NMMI’s starting pitcher for Game 3 of the four-game series vs. Otero JC was another left-hander, Carlos Ortiz. Ortiz got the complete game win throwing all five innings of a run-rule shortened game, scattering four hits and three runs while collecting five strikeouts.
Karen Boehler
NMMI Sports Press

Game 4 starter Kyle Bosworth also had five Ks, in just 3.1 innings, but gave up five runs in the 6-4 loss.
ARTESIA — For a successful season, the baseball saying goes, you want to win at home and split on the road. So, even though the Broncos lost the last game of the four-game series vs. Otero Sunday, they had a successful 3-1 weekend.
But because they had a tough opening home series, they’re one a game shy of the .500 mark, sitting at 3-5 on the young season. Still, for the most part, Sunday’s 13-3 victory and close 6-4 loss to the Rattlers made coach Chris Cook feel OK.
“You never go into a series expecting to sweep; that’s not the mindset,” he said. “The mindset is one at a time. When you’re 3-0, you go into the next game the same way you did the first one: you expect to put up a fight and win. We kept it close, but without a few mistakes in their part, and without a few free bases on their part, we wouldn’t even have been 4-6. It would have been more like 1-6.”
With Game 2 still a few hours away, NMMI pounded Otero in a five-inning mercy-rule game in the opener. The visitors went up 2-0 in the first inning on a walk and RBI double, but other than one more run in the third — on a ground rule double, stolen base and sacrifice fly — that’s all Carlos Ortiz gave up. The sophomore allowed only four hits while striking out five in the shortened complete game.

During a Rattler pitching change after the Broncos loaded the bases in Game 4, the NMMI runners congregate at third to talk strategy with head coach Chris Cook.
The defense was also perfect, and while the offense was a bit slow to get started — they trailed 3-0 after 2-1/2 — once they started they never let up.
The Broncos sent 12 runners to the plate in the third inning, scoring nine runs on six hits, four walks and a Rattler error. By the end of the inning, every batter but one had scored at least once, with three doubles and three singles helping get the job done, to make it 9-3 NMMI.
The Broncos added a solo run in the fourth on a walk and two singles, then closed out the game in the fifth with a one-out error that saw Justin Felix go all the way to third on a dropped fly ball in the outfield.
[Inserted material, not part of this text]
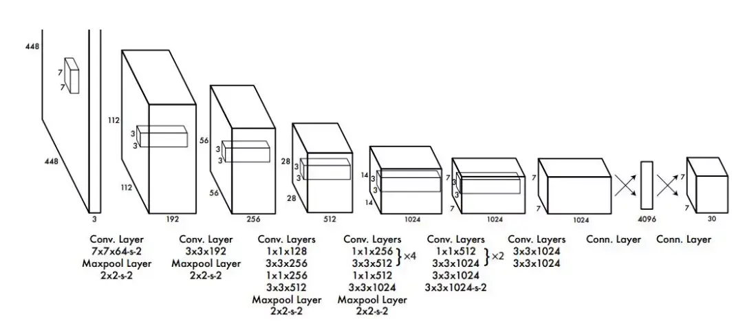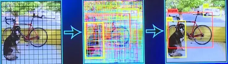所以又出现了一种新的方法——You Only Look Once。它先对图片做固定数量切分,在此基础上进行各种猜测,然后对这些猜测框进行分类以及四个角的回归,使回归和分类就融合到同一个神经网络中,实现端到端的训练。

Felix scored on a single by John Jensen; Marion McLean then singled; Pancho Mariscal reached on an error that scored Jensen; Alex Howard singled to load the bases; then Winston Welch scored the game-winning run on a walk-off walk.
Howard led the scoring with a 3-for-3 game, one run scored and 2 RBIs. McLean was 3-for-4 with 2 RBIs and runs scored; and Welch was 2-for-3 with 3 RBIs and one run.
Sunday’s nightcap was the only loss for the Broncos, and again, the bats couldn’t bring the runs in when needed.
“We didn’t do a very good job offensively in Game 4, and they did a better job on the mound as far as executing off-speed pitches,” Cook said. “We didn’t do a good job of being on top of fast balls early in counts and doing things you need to do offensively to combat good off speed. … We let them score six; which is still not a terrible job. We gave them some free bases in an inning and a couple of balls dropped for them, but still, we’ve got to be able to score seven runs or more and that’s a game we should have found a way to win.”
After the Rattlers went up 1-0 in the top of the second on a home run by iron-man catcher Hunter Junge, NMMI matched that in the bottom of the stanza on two singles and two walks, but the Broncos left the bases loaded.
The Institute broke things open in the third on a double, two singles, two wild pitches, an error and a walk, but that was all the bats would do the rest of the nine-inning game. Meanwhile, the Rattlers scored four off starter Kyle Bosworth, making it 5-4, then added an insurance run in the seventh.
“Credit them for not packing it in,” Cook said of Otero. “They pitched it pretty well in that game and kept us off balance.”
He said the bullpen “was fantastic all weekend and that’s a very, very good sign for us. We’ve just got to get a little more locked in offensively and I think we’ll be doing what we need to do.”
With NMMI Field getting close to completion, the Broncos will host Dodge City, Kans., Friday, Saturday and Sunday at the New Mexico Junior College ballpark in Hobbs. Cook doesn’t think another new park will be a handicap.
“The sun angle will be different at their place, so that’s the biggest difference, other than the park will play bigger and it’ll be aluminum bats,” he said. “We’re going to face another really young team in Dodge City, coming off a World Series appearance last year. But they’re very young. We’re going to have to swing it and I imagine it’ll be another offensive weekend for everybody, so we’ve got to be prepared.”